[APPARATUS FOR HARVESTING ENERGY FROM MOVING FLUIDS]

Abstract

Apparatus for harvesting energy from a fluid stream which includes a rotor comprising a plurality of generally planar frames radiating from a common geometric axis. The common geometric axis is coplanar with each of the plurality of generally planar frames. Each of the generally planar frames having first and second opposed edges, each of the first opposed edges each being disposed proximate to the common geometric axis, each of the second opposed edges of the frames are disposed in distal relationship to the common geometric axis. Each of the first and second generally planar frames have an opening therein. The apparatus further includes a plurality of generally planar flappers, each of the generally planar flappers has first and second opposed edges, each of the first edges of each of the plurality of flappers is mounted by hinges to the second edge of one of said plurality of frames, each of the generally planar flappers has a part thereof that overlaps at least a part of the frame to which it is mounted when the flapper is disposed in substantially face to face abutting relationship to the frame on which it is mounted so that said flapper will not pass through said opening. In some forms of the apparatus in accordance with the present invention each flapper overlaps the frame to which it is mounted along at least two sides thereof when the flapper is disposed in face to face abutting relationship to the frame on which it is mounted. In other forms of the present invention each flapper overlaps the frame to which it is mounted along at least four sides thereof when the flapper is disposed in face to face abutting relationship to the frame on which it is mounted.

Description

BACKGROUND OF INVENTION

[0001] The invention relates to apparatus for harvesting energy from moving fluids including but not limited to air currents, winds, rivers and tidal water. Substantial effort has been expended in the search for more efficiently harvesting naturally occurring energy.

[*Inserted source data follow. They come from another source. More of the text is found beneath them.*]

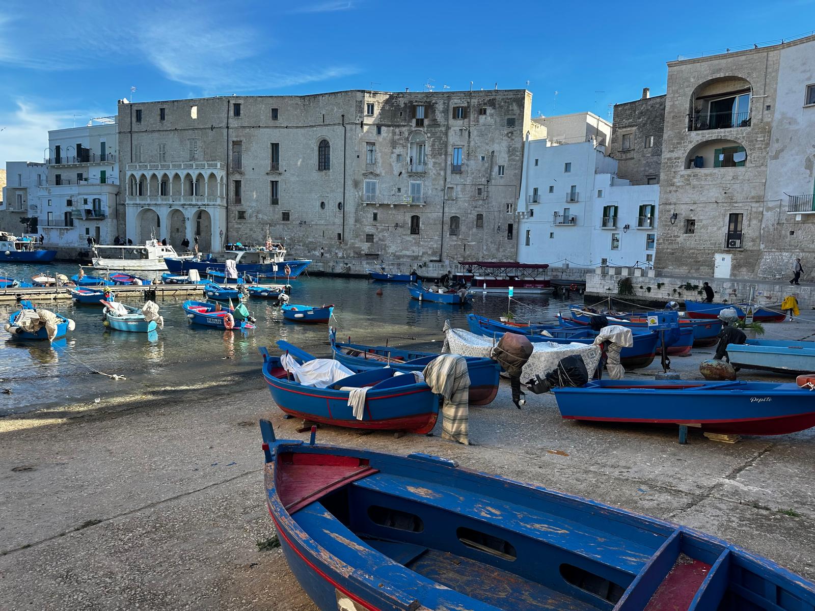 Dienas programmā vēl kāda skaista jūras pilsēta. Šauras, balti krāsotas ieliņas, ar zilām durvīm, ziedu podiem un balkoniem virs galvas. Īsta Vidusjūras pasaka, īpaši rīta un vakara gaismā. Monopoli ir zvejnieku pilsēta, tāpēc — zivis un jūras veltes obligāti! Crudità di mare – svaigu jūras velšu plate (neapstrādātas austeres, garneles, mīdijas). Riso, patate e cozze – tipisks apūliešu ēdiens: rīsi, kartupeļi un gliemenes. Focaccia barese un panzerotti – ideāli uzkodām. Un, protams, vietējais vīns Primitivo vai Verdeca.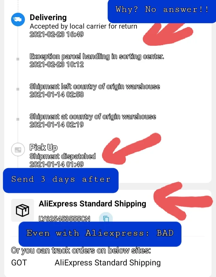 Продавец отправил мне 3 маленькие вещи 3 дня. Я заплатил дорогую доставку ($6,57), чтобы получить быстрый VIP-сервис. Нет возможности! Им все равно. Сообщения? Всегда одинаковые предложения (копия-вставка!). Болезненно получить мои деньги обратно. Aliexpress становится все хуже каждый месяц. Даже я честный хороший покупатель (Платиновый член, почти алмаз). Я предпочитаю Walmart, Amazon, потому что они возвращают деньги сразу же. Не рекомендуется покупать на ALIEXPRESS непрофессионально, лениво.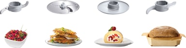 Smart lagring av tilbehør: Når foodprosessoren ikke er i bruk kan du oppbevare alt av tilbehør i bollen.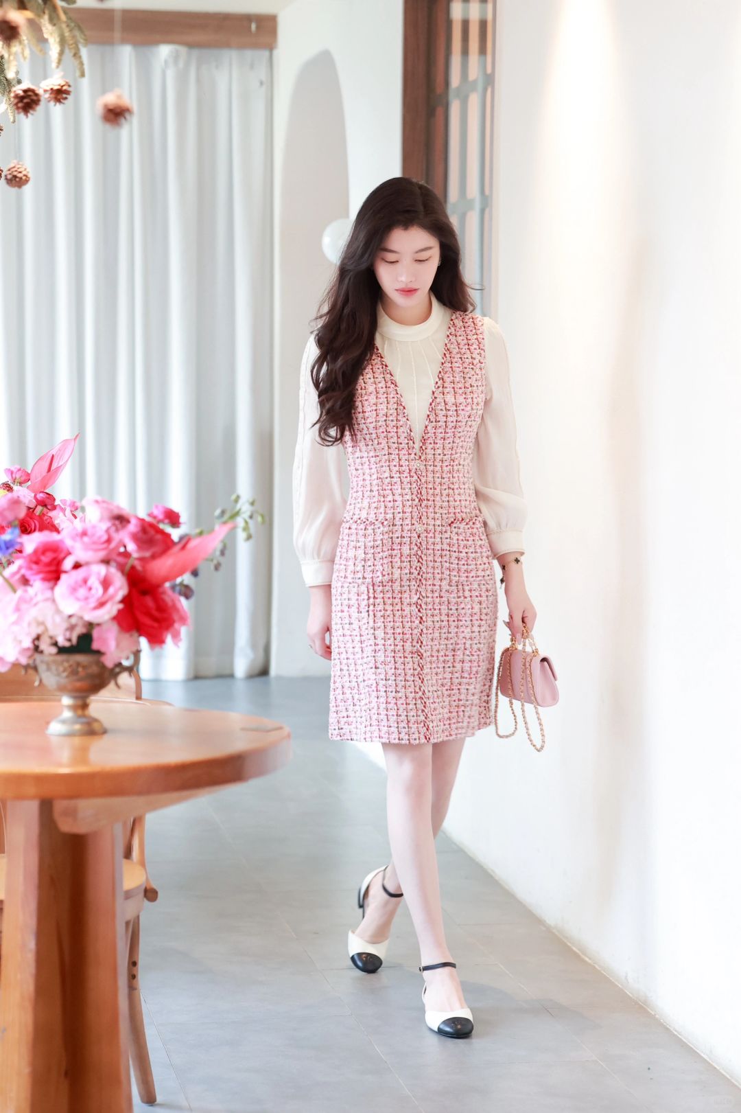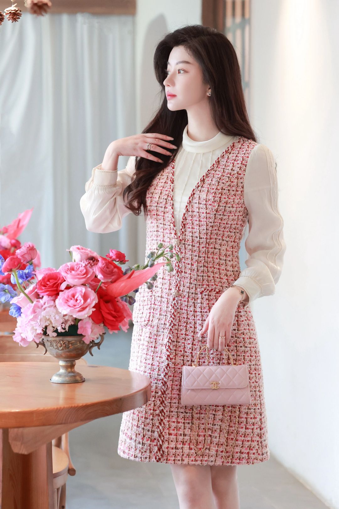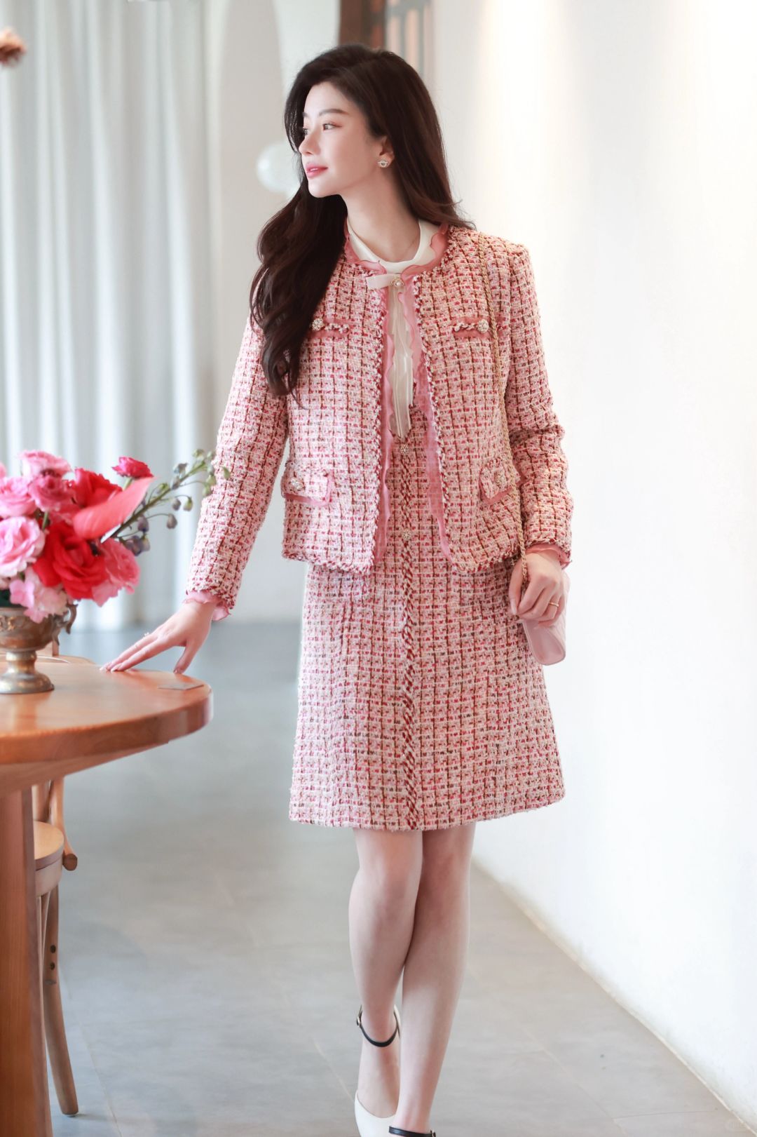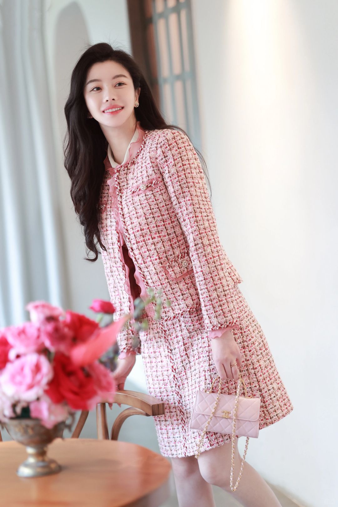🌷当然,也喜欢在洋红里加入白色调和的蔷薇粉小香风套装,富家千金风,是我喜欢的浪漫年末氛围。

[0002] For many applications, but not all applications, it is desirable to provide apparatus in accordance with the present invention in which a rotor is mounted on a vertical axis. The prior art includes a variety of vertical axis rotating machining. Examples include the Articulated Blade with Automatic Pitch and Camber Control described in U.S. Pat. No. 5,193,978 issued to Bill Guitierrez on Mar. 16, 1993. This patent describes a structure that is relatively complex control to control a flap. U.S. Pat. No. 3,877,836 entitled Horizontal Windmill issued to Leo L. Tompkins on Apr. 15, 1975. The structure described therein does not show her suggest the more efficient apparatus in accordance with the present invention.

SUMMARY OF INVENTION

[0003] It is an object of the present invention to provide a simple structure to harvest energy from moving fluids.

[0004] It is another object to the present invention to provide a higher efficiency than previously known apparatus.

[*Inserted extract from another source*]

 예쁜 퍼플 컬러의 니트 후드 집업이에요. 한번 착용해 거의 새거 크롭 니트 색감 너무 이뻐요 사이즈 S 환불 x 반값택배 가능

[0005] Another object of the present invention is to provide an apparatus that is relatively simple and capable of manufacture easily and inexpensively to wide utilization throughout the world.

[0006] It has now been found in the object of the invention may be attained in apparatus for harvesting energy from a fluid stream which includes a rotor comprising a plurality of generally planar frames radiating from a common geometric axis. The common geometric axis is coplanar with each of the plurality of generally planar frames; each of the generally planar frames having first and second opposed edges, each of the first opposed edges each being disposed proximate to the common geometric axis, each of the second opposed edges of the frames are disposed in distal relationship to the common geometric axis. Each of the first and second generally planar frames have an opening therein. The apparatus further includes a plurality of generally planar flappers, each of the generally planar flappers has first and second opposed edges, each of the first edges of each of the plurality of flappers is mounted by hinges to the second edge of one of said plurality of frames, each of the generally planar flappers has a part thereof that overlaps at least a part of the frame to which it is mounted when the flapper is disposed in substantially face to face abutting relationship to the frame on which it is mounted so that said flapper will not pass through said opening.

[0007] In some forms of the apparatus in accordance with the present invention each flapper overlaps the frame to which it is mounted along at least two sides thereof when the flapper is disposed in face to face abutting relationship to the frame on which it is mounted. In other forms of the present invention and each flapper overlaps the frame to which it is mounted along at least four sides thereof when the flapper is disposed in face to face abutting relationship to the frame on which it is mounted.

[0008] Each of the frames may have a first area defined by the periphery of the frame and each of the openings in each of the frames has a second area defined by the opening and the second area is a substantial part of the first area. In some cases the second area is at least 90 percent the first area.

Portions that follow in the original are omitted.